车上人很少,静静地没人说话,窗外的雪化的不均匀,偶尔露出灰黑的颜色,像是黑白影片从眼前滑过。
还是潘姨先开了口:“别想不开了,有的时候要学会眼不见为净。”
银萍回头看着潘姨说:“可我做不到啊,我怕自己从今往后每天都会被噩梦包围着,董主任不能时时盯在那里,那里就是冷姐管事,可她却习以为常了,她不认为这是严重的事那就有可能以后还会发生。”
“我看到你刚才对她不满,可有些理不能争,因为每天跟孩子接触的人是她,得罪了她受罪的还是青青,她别说做什么了,她什么都不去做对青青可能都能造成伤害你想过吗?”
银萍满眼焦虑地问:“潘姨,你说我该怎么办?”潘姨没有说话慢慢地靠向椅背闭上了眼睛。
回到学校的银萍还是无法释然,她站在阳台上冻到有些麻木的时候给冰芳姐打了一个电话,冰芳姐仔细地听完后问:“银萍,你是不是想到了自已小的时候?”这一句一下问出了银萍的眼泪,她哽咽着不说话。

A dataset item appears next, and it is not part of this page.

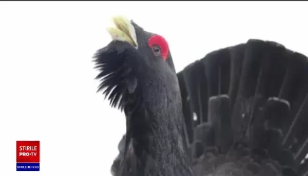 Imagini rare au fost suprinse în munții Bucovinei! Cocoșul de munte, o pasăre protejată prin lege, a fost filmat într-un acces de personalitate, când a vrut să se impună în fața fotografului.
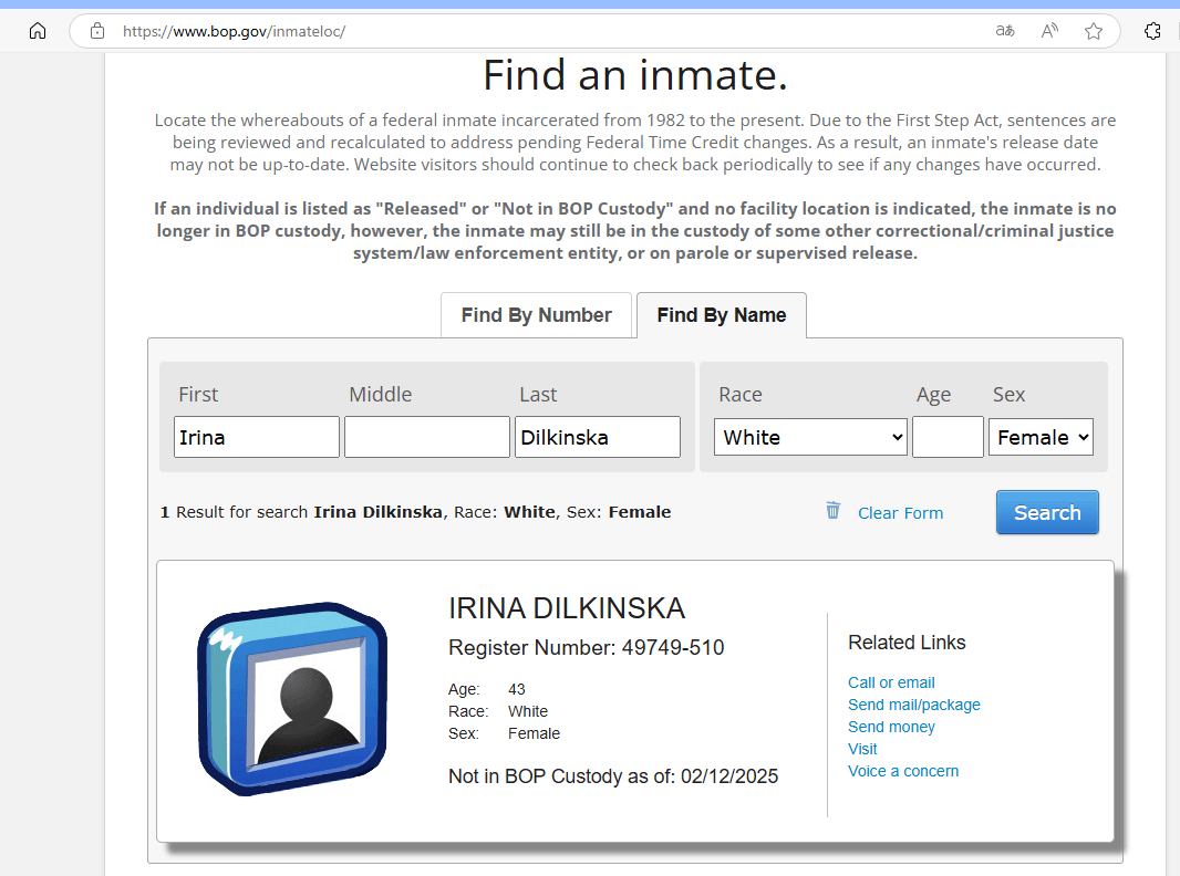 Die US-Behörden hatten 2024 ihre Auslieferung aus Bulgarien erreicht. Dilkinska ist vermutlich nach Verbüßen ihrer Haftstrafe in den USA zurück in ihrer Heimat.

电话那边冰芳姐抚慰地声音传过来:“傻姑娘,别哭了,你觉得我能帮上什么忙吗?”
银萍停顿着直到咽下那丝哽在喉头的感动才说:“我想收养她,可是我条件不符合。”她还是觉得有些难以启齿犹豫再三才又说:“你能不能做青青的名誉上的收养人?我知道你和刘小峰的关系紧张,所以只是名誉上的,什么心都不用操,办齐了手续以后的事就都由我负责,决不给你们添麻烦。”
冰芳说:“你知道以后要面对很实际问题的,包括以后的工作、婚姻、生活都会受到影响的,而且可能会有很多人不理解。”
“这些我都想过了。”
冰芳在电话那头轻轻地笑了:“还记得我之前说过有一天你也会为了某个人而奋不顾身的,没想到是这个小家伙。”她想了想问:“你真的想好了吗?”
银萍的眼前闪过一个青春的身影,她像是下定了决心的点了点头:“我想好了!”
“我这里没问题,刘小峰肯定有阻力,不过你放假先回来我们再一起想办法吧。”
银萍这次考试成绩不太理想,排在了刘荟之后,还在楼道就听到了宿舍里久违的欢笑声,银萍推门而入时刘荟笑得响亮地都有些不自然了。银萍的心思没有在这件事上,忙着打包行李然后在放假的第一天,坐上最早的一班车回家去和冰芳姐办理收养手续去了……。
手续办起来比想像的要繁琐很多,再加上中间有春节假期,等一切都办妥已是开学一周之后了。
银萍申请退了学校宿舍,在潘姨的隔壁租了一间房,打扫干净再买些必须的生活用品,又简单布置了一下和潘姨一起去接回了青青。青青这时似乎已经能认得银萍了,即使哭得上气不接下气只要银萍抱着她就紧紧地贴在她的肩膀上,眼泪和鼻涕糊得银萍脸上、脖子上都是,每当这时银萍的心都要融化了。
安顿好一切银萍回宿舍拿行李,东西不多,还和当初来时差不多,两个包裹就解决了。宿舍人不齐,历史系的只有两个女孩,她们问了问情况感叹道:“你太有勇气了。”然后不无担心地和银萍道别,最近好像在谈恋爱,在宿舍的时间很少这时还没回来,刘荟坐着没动,陈蔓淡淡地客气了两句也就算是告别了。
出了宿舍银萍不禁抬头望向那个熟悉的窗口,生活了这么久的地方是她带着自卑与忐忑来的,却意外地收获过友谊,拥有了那么多温馨的回忆,可此刻离开又是孑然一身,曾经的美好倒像是虚幻一样不曾存在过。